TRY IT - Every line of the material below needs to be copied exactly; omit the pictures.

RECORDS TO PROCESS -
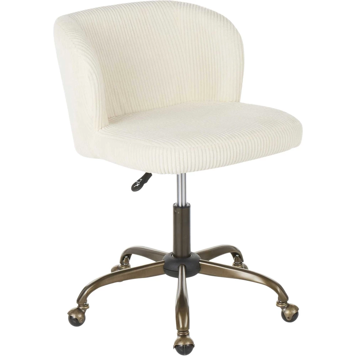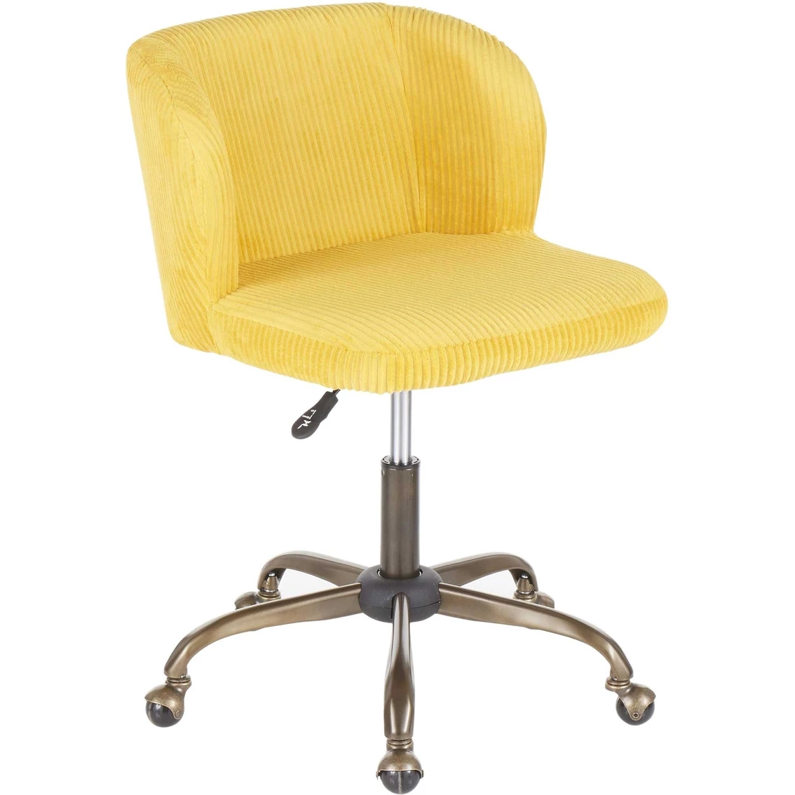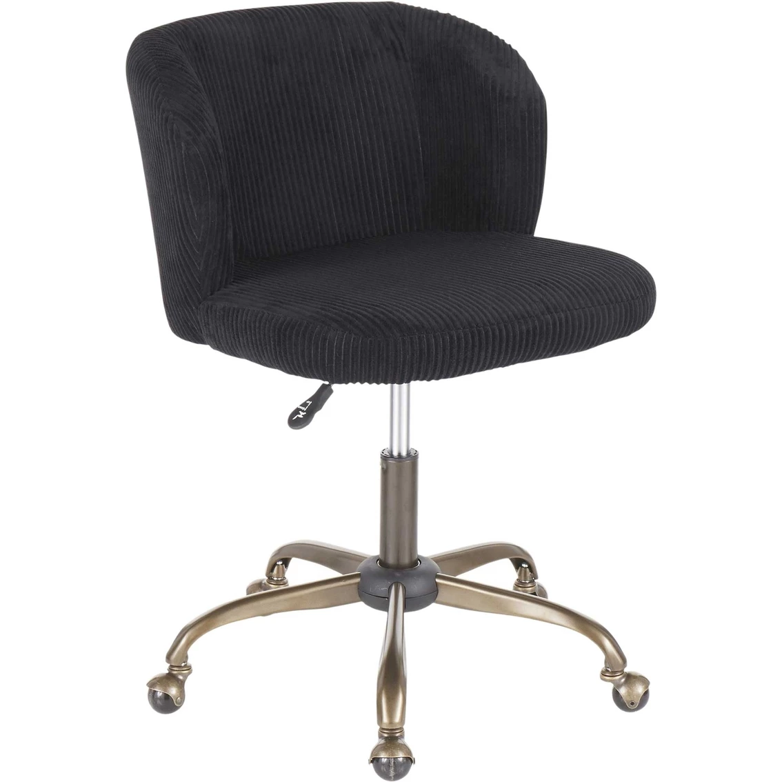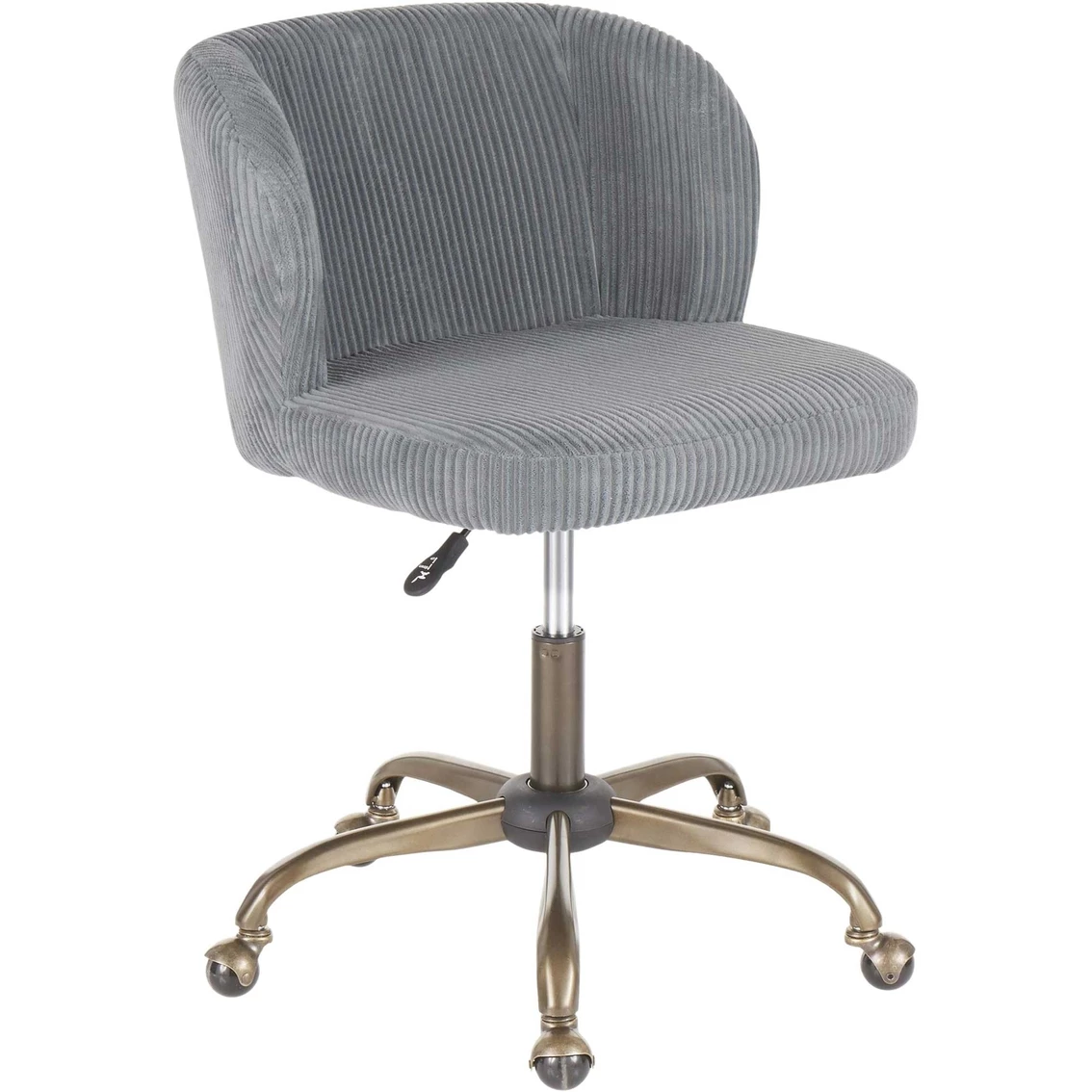 Spruce up your home office with the Fran Task Chair by LumiSource. Featuring a sophisticated corduroy fabric upholstery that will tie in perfectly with your contemporary decor. This ultra-comfortable padded bucket seat is complemented by an antique 5-star metal base that is adjustable to your preferred height.
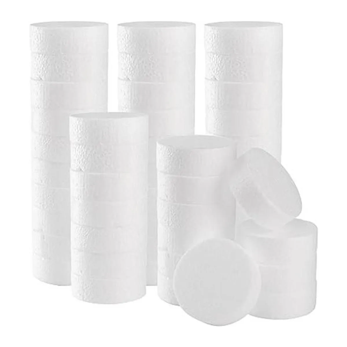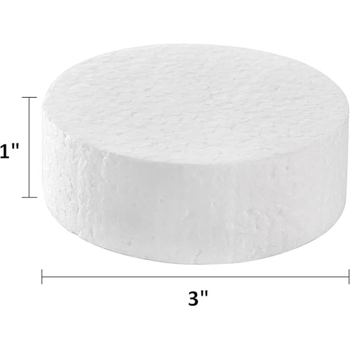ZOOFOX Paquete de 48 círculos de espuma, discos de espuma de poliestireno de 3 x 3 x 1 pulgada, espuma redonda para manualidades de bricolaje, escultura, modelado, clase de niños, arreglo floral blanco
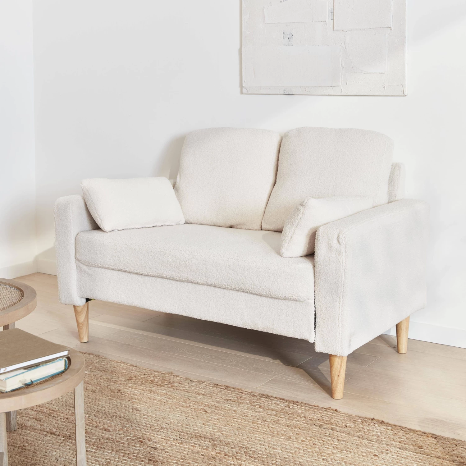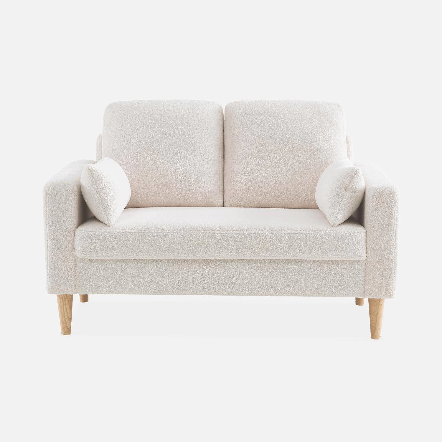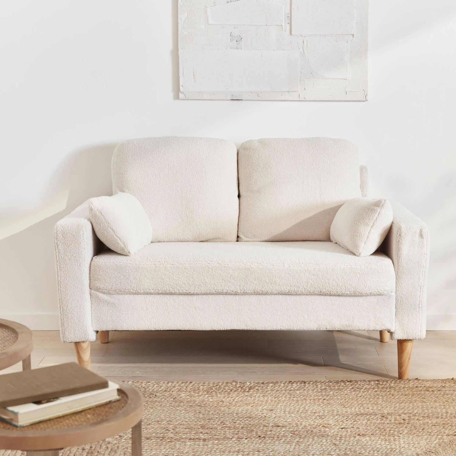 Ce canapé aux lignes arrondies est une invitation au cocooning. Avec son revêtement bouclette tout doux, effet laine de mouton, vous n’aurez qu’une envie, vous blottir dans ce petit cocon. Sa structure en bois solide est chaleureuse et son coloris naturel apporte un côté épuré et zen à votre intérieur. Pratique, il se glisse facilement dans de petits espaces. Son assise ferme et profonde ainsi que son dossier épais et ses larges accoudoirs le rendent confortable. Aucun doute, ce canapé fera l’unanimité dans votre maison !
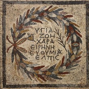 Hay un mosaico con una serie de deseos en griego que resumen perfectamente mis deseos para Año Nuevo, los de cada año:
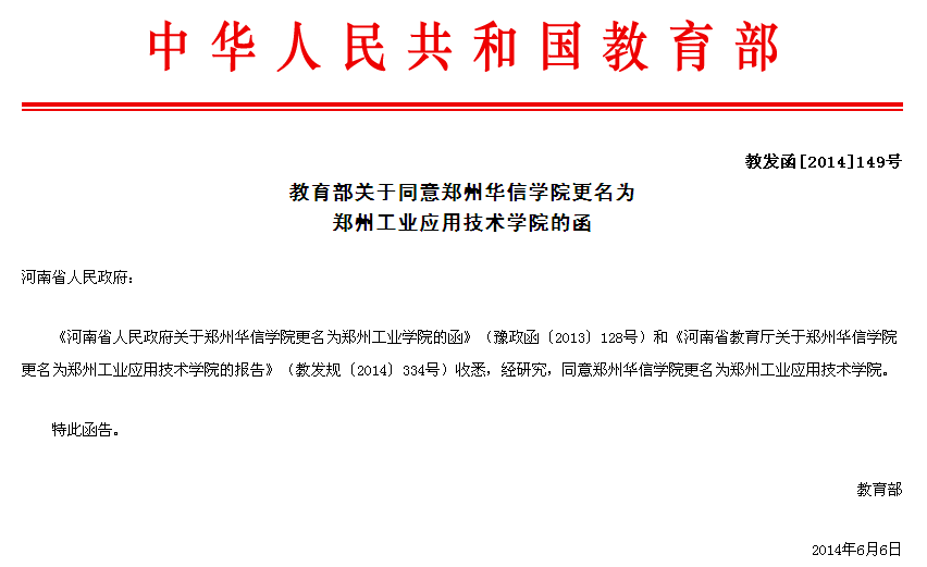 教育部关于同意郑州华信学院更名为郑州工业应用技术学院的函
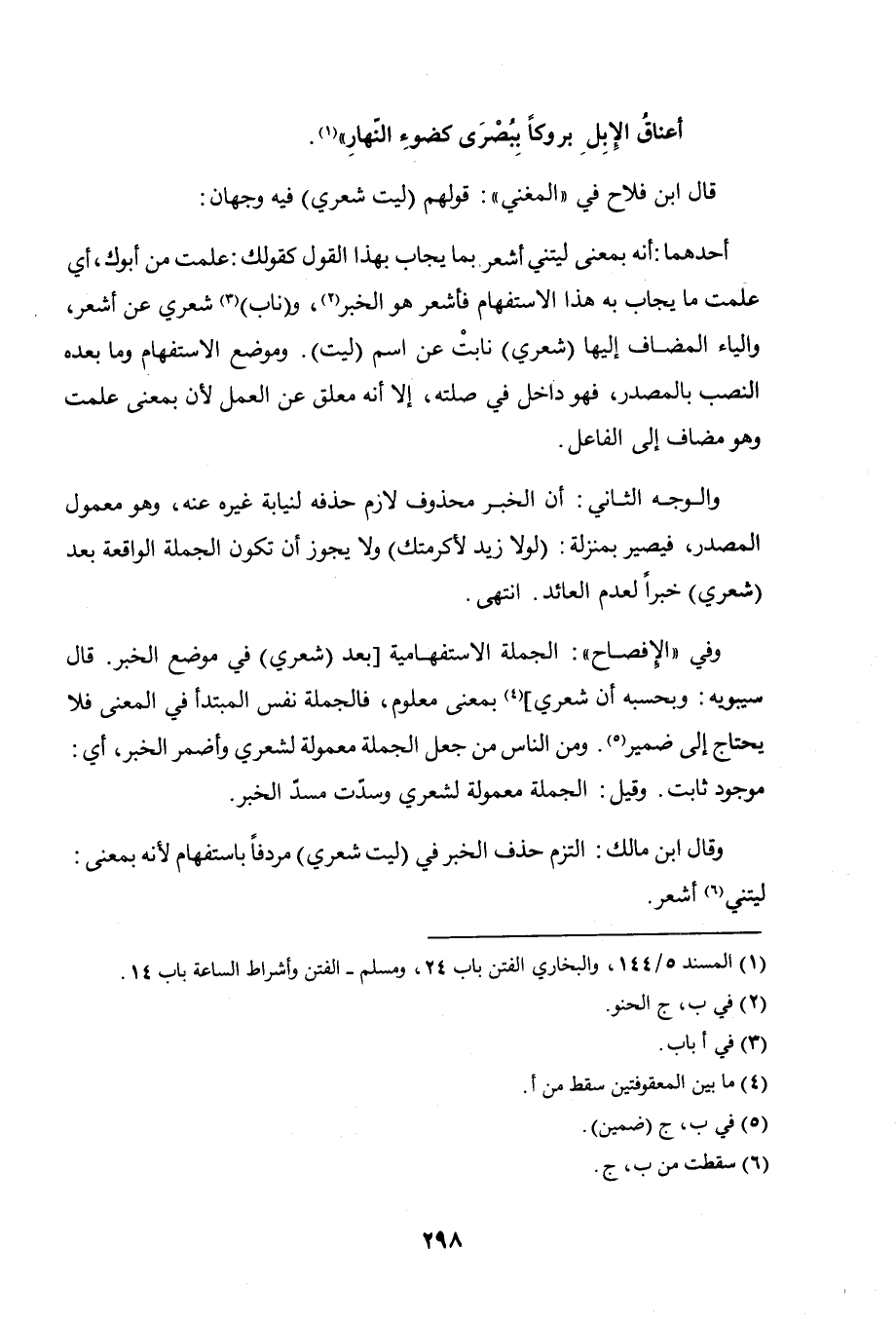قال ابن فلاح في "المغني": قولهم (ليت شعري) فيه وجهان:
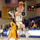 Canistota’s Tyce Ortman, left, goes up with the ball as Aberdeen Christian’s Kaden Clark, right, defends during Thursday’s game at the South Dakota Class B Boys Basketball Tournament at Wachs Arena. photo by John Davis
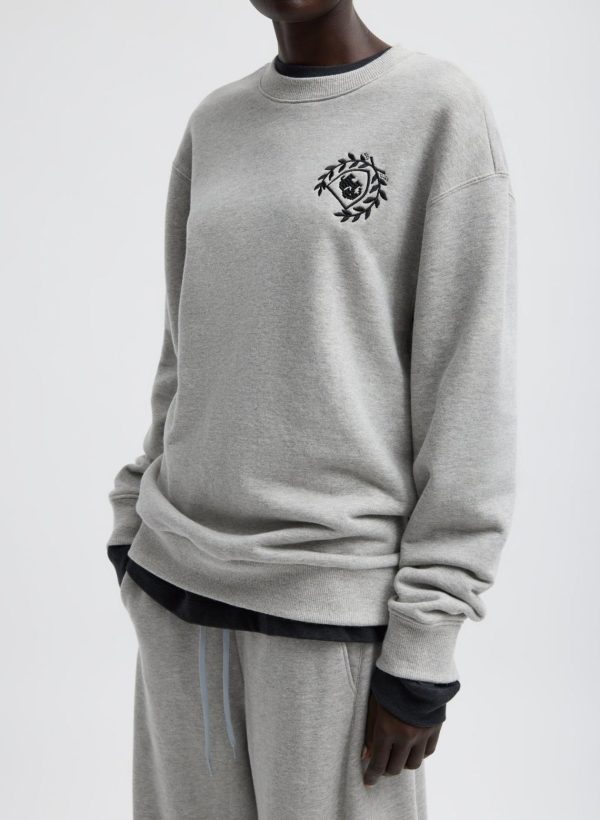 The Embroidered Patch Sweatshirt reinvents a classic silhouette with a flipped elephant-crest emblem, a nod to Tibi’s heritage with an ironic twist. Pair with the Winslow Pant for an effortlessly cohesive look or with denim and jeweled shoes for a unique evening spin.
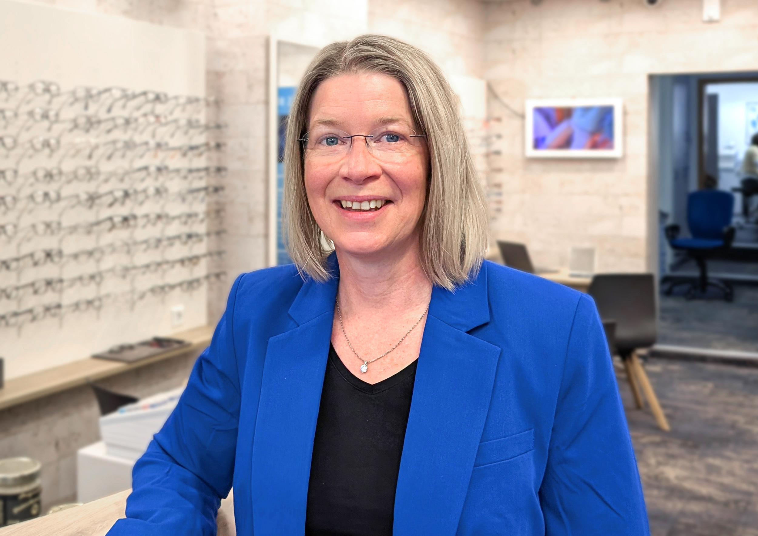 Rosemarie Wachter koordiniert die Abläufe zwischen Optik und Verwaltung. Sie überwacht Zahlungsvorgänge und die Buchführung. In der Freizeit betreut sie die Bücherei in Gläserzell. Sie liest sehr gerne und geht tanzen bei den Tanzfreunden Fulda.
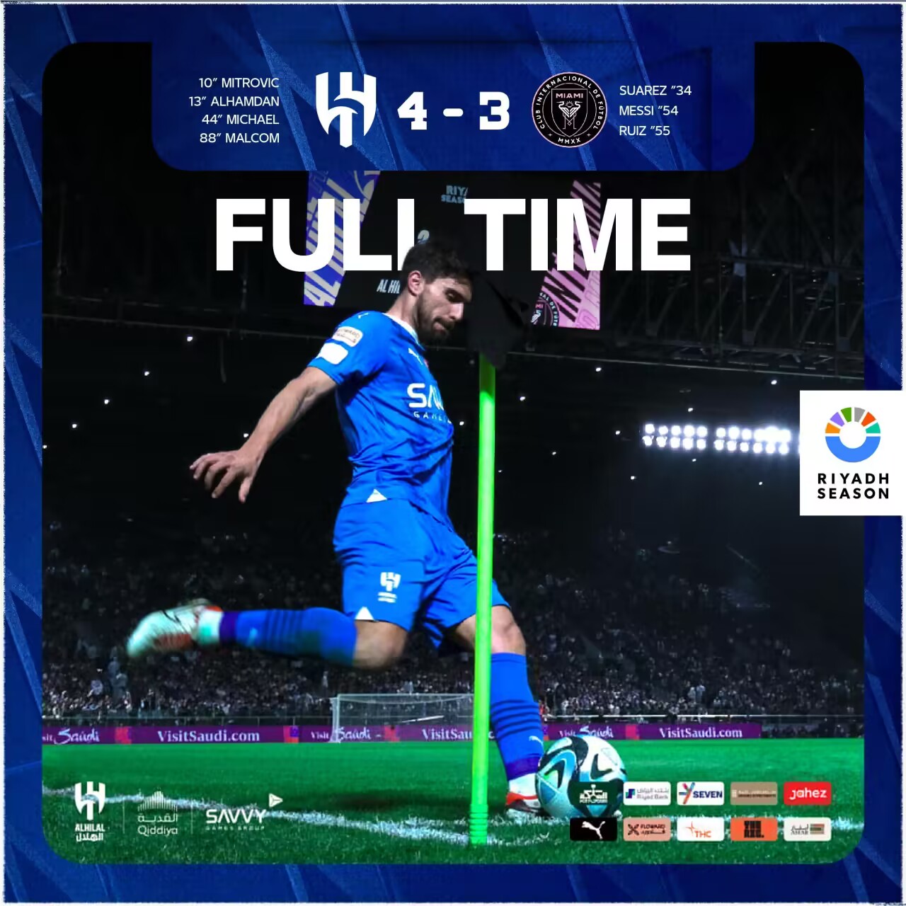 第89分钟,利雅得新月绝杀!右路沙赫拉尼传中到禁区马尔科姆头球破门,利雅得新月4-3迈阿密国际。↓
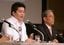 2005年4月、都内で和解合意の記者会見をするライブドアの堀江貴文社長(当時・左)とフジテレビの日枝久会長(当時・右)(写真=時事通信フォト)
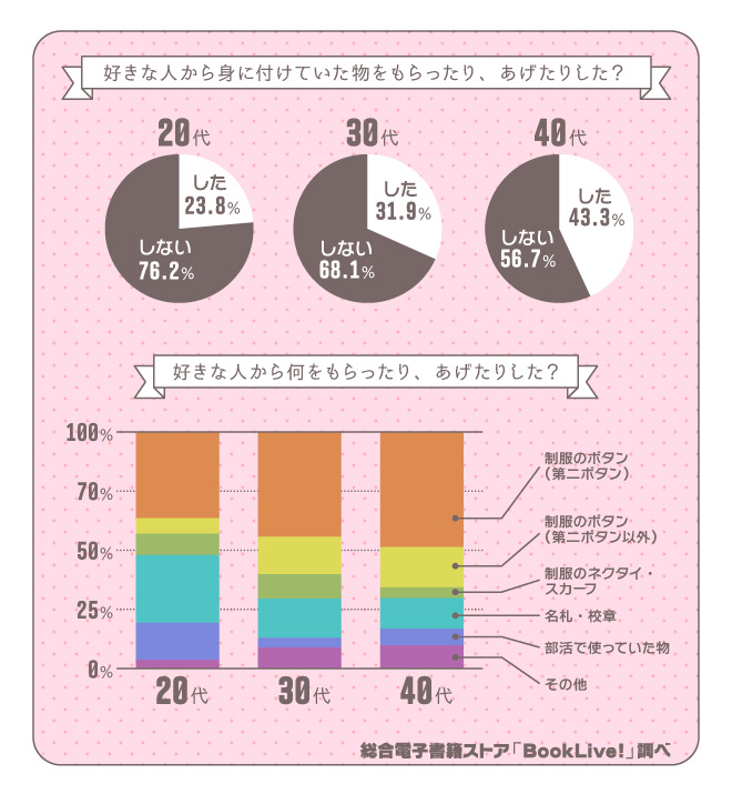反対に若い世代では、「名札・校章」が人気に。名札の裏に好きな人の名前やメッセージを書いて渡すのが最近の風習だそう!

RESPONSE TO THE TASK -
 Spruce up your home office with the Fran Task Chair by LumiSource. Featuring a sophisticated corduroy fabric upholstery that will tie in perfectly with your contemporary decor. This ultra-comfortable padded bucket seat is complemented by an antique 5-star metal base that is adjustable to your preferred height.
ZOOFOX Paquete de 48 círculos de espuma, discos de espuma de poliestireno de 3 x 3 x 1 pulgada, espuma redonda para manualidades de bricolaje, escultura, modelado, clase de niños, arreglo floral blanco
 Ce canapé aux lignes arrondies est une invitation au cocooning. Avec son revêtement bouclette tout doux, effet laine de mouton, vous n’aurez qu’une envie, vous blottir dans ce petit cocon. Sa structure en bois solide est chaleureuse et son coloris naturel apporte un côté épuré et zen à votre intérieur. Pratique, il se glisse facilement dans de petits espaces. Son assise ferme et profonde ainsi que son dossier épais et ses larges accoudoirs le rendent confortable. Aucun doute, ce canapé fera l’unanimité dans votre maison !
 Hay un mosaico con una serie de deseos en griego que resumen perfectamente mis deseos para Año Nuevo, los de cada año:
 教育部关于同意郑州华信学院更名为郑州工业应用技术学院的函
قال ابن فلاح في "المغني": قولهم (ليت شعري) فيه وجهان:
 Canistota’s Tyce Ortman, left, goes up with the ball as Aberdeen Christian’s Kaden Clark, right, defends during Thursday’s game at the South Dakota Class B Boys Basketball Tournament at Wachs Arena. photo by John Davis
 The Embroidered Patch Sweatshirt reinvents a classic silhouette with a flipped elephant-crest emblem, a nod to Tibi’s heritage with an ironic twist. Pair with the Winslow Pant for an effortlessly cohesive look or with denim and jeweled shoes for a unique evening spin.
 Rosemarie Wachter koordiniert die Abläufe zwischen Optik und Verwaltung. Sie überwacht Zahlungsvorgänge und die Buchführung. In der Freizeit betreut sie die Bücherei in Gläserzell. Sie liest sehr gerne und geht tanzen bei den Tanzfreunden Fulda.
 第89分钟,利雅得新月绝杀!右路沙赫拉尼传中到禁区马尔科姆头球破门,利雅得新月4-3迈阿密国际。↓
 2005年4月、都内で和解合意の記者会見をするライブドアの堀江貴文社長(当時・左)とフジテレビの日枝久会長(当時・右)(写真=時事通信フォト)
反対に若い世代では、「名札・校章」が人気に。名札の裏に好きな人の名前やメッセージを書いて渡すのが最近の風習だそう!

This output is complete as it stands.